If we are training a model and it stops at some specific epoch because of power failure or any other issue, we can resume training from that epoch using BackupAndRestore callback. It creates a backup of model in a directory and if we start training again, it will check for backup and if that exists it will resume training from there.

backup_dir = "tmp/backup_tf"
tf.keras.callbacks.experimental.BackupAndRestore(backup_dir)

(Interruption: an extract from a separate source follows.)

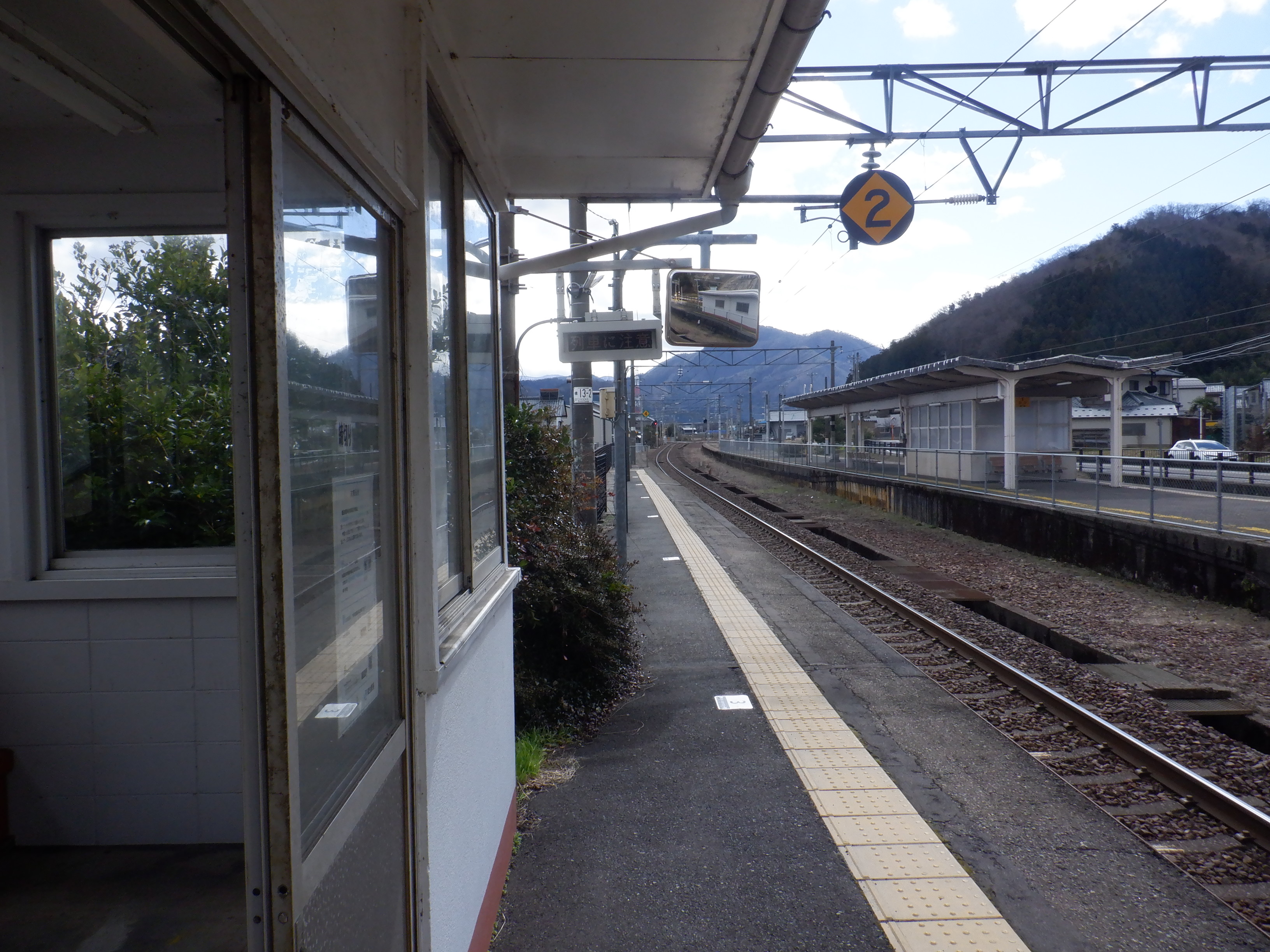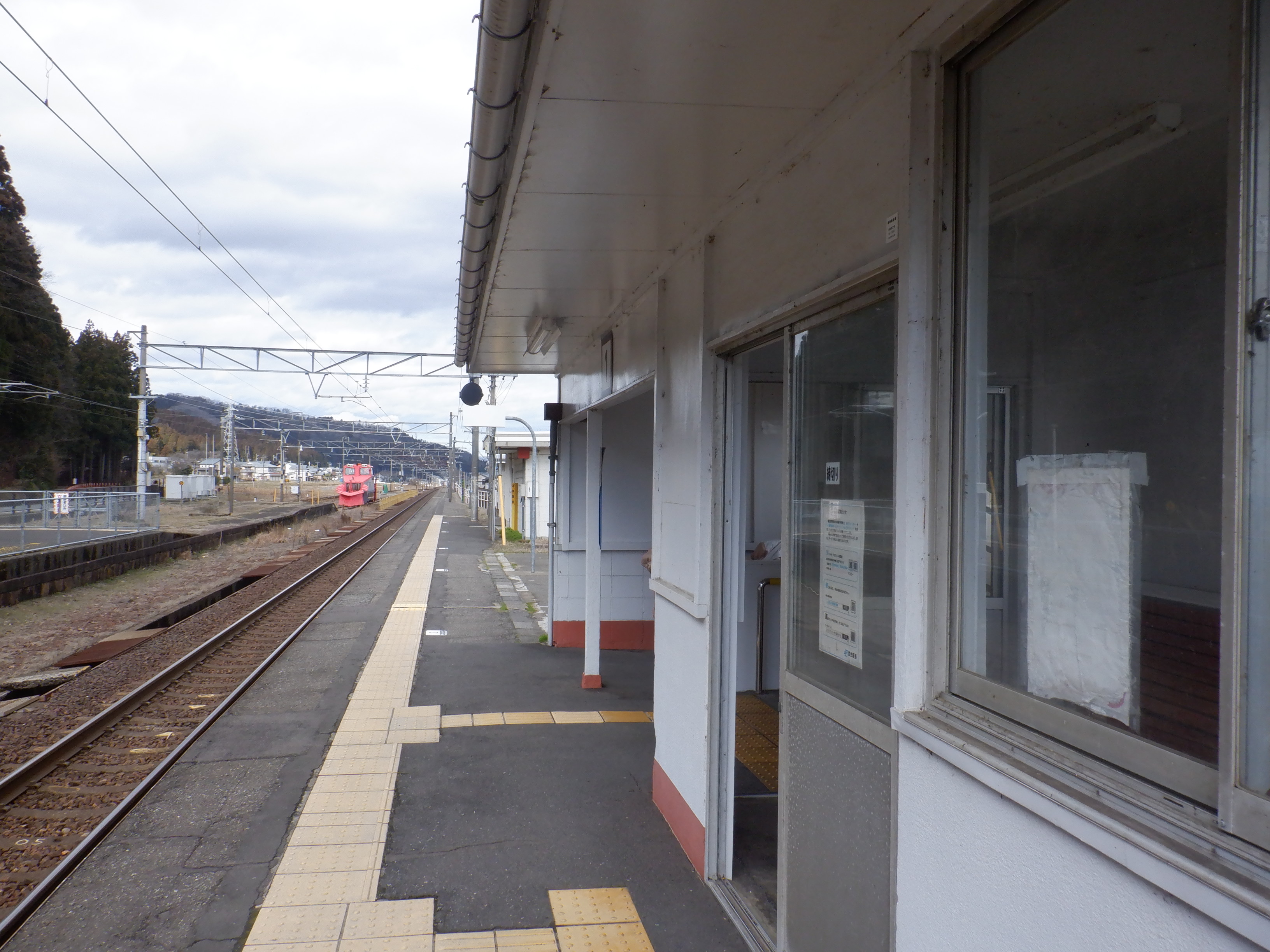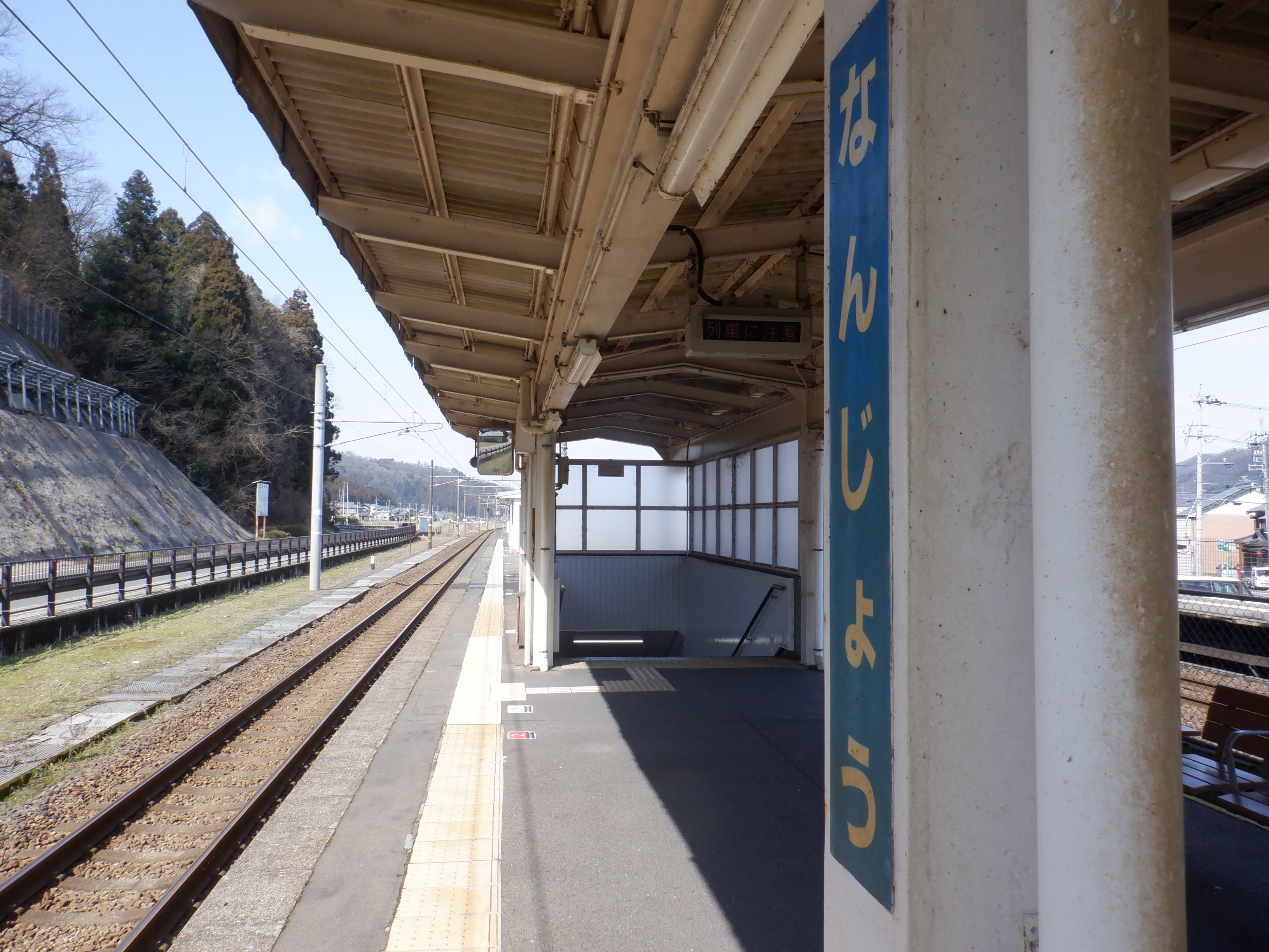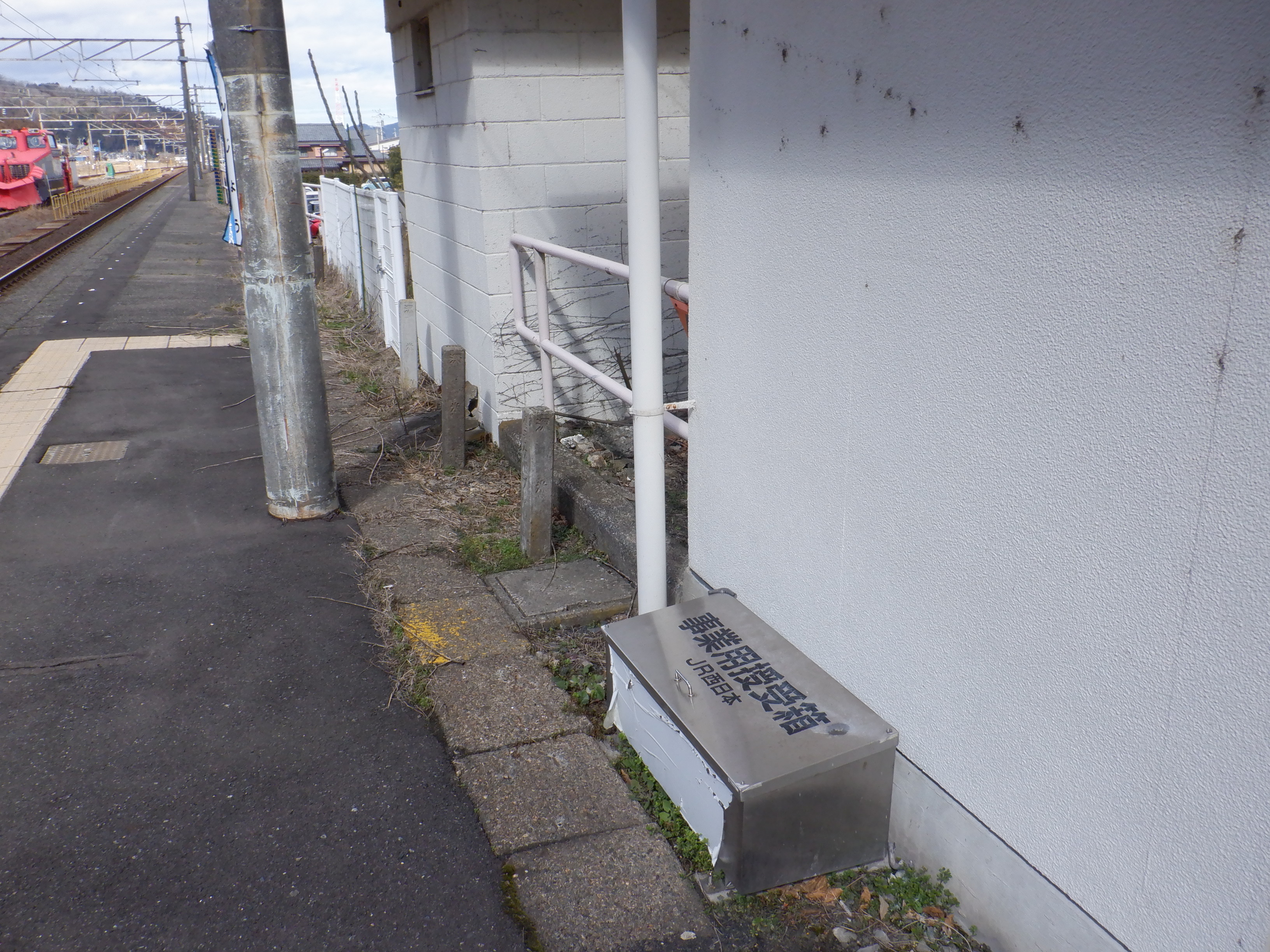 南条駅の2024年移管前2回分の様子です。移管後に使用される券売機が設置され、また、ハピラインふくいの駅名標の上に仮のJR駅名標が貼られた状態となりました。

Here are some limitations and details about BackupAndRestore from Tensorflow documenations.

  Note
  1. This callback is not compatible with disabling eager execution.
  2. A checkpoint is saved at the end of each epoch, when restoring we'll redo any partial work from an unfinished epoch in which the training got restarted (so the work done before a interruption doesn't affect the final model state).
  3. This works for both single worker and multi-worker mode, only MirroredStrategy and MultiWorkerMirroredStrategy are supported for now.

Usage

Now we can use these callbacks defined above in our tensorflow model. For example, if we want to use them in training, we can pass a list of these callbacks like this.

model.fit(
    train_x, # training data
    train_y, # training labels
    epochs=10, # number of epochs
    validation_data=(test_x, test_y), # validation data
    # List of callbacks, we are currently using 3, 
    # custom, model checkpoint and tensorboard
    callbacks=[MyCustomCallback(), model_ckpt,tensorboard_cb ]
)

There are some other Callbacks also provided by Tensorflow-Keras which are not discussed here.

 

You can view details for these callbacks on official documentation of Tensorflow. For complete details and documentation, you can view tensorflow callbacks page.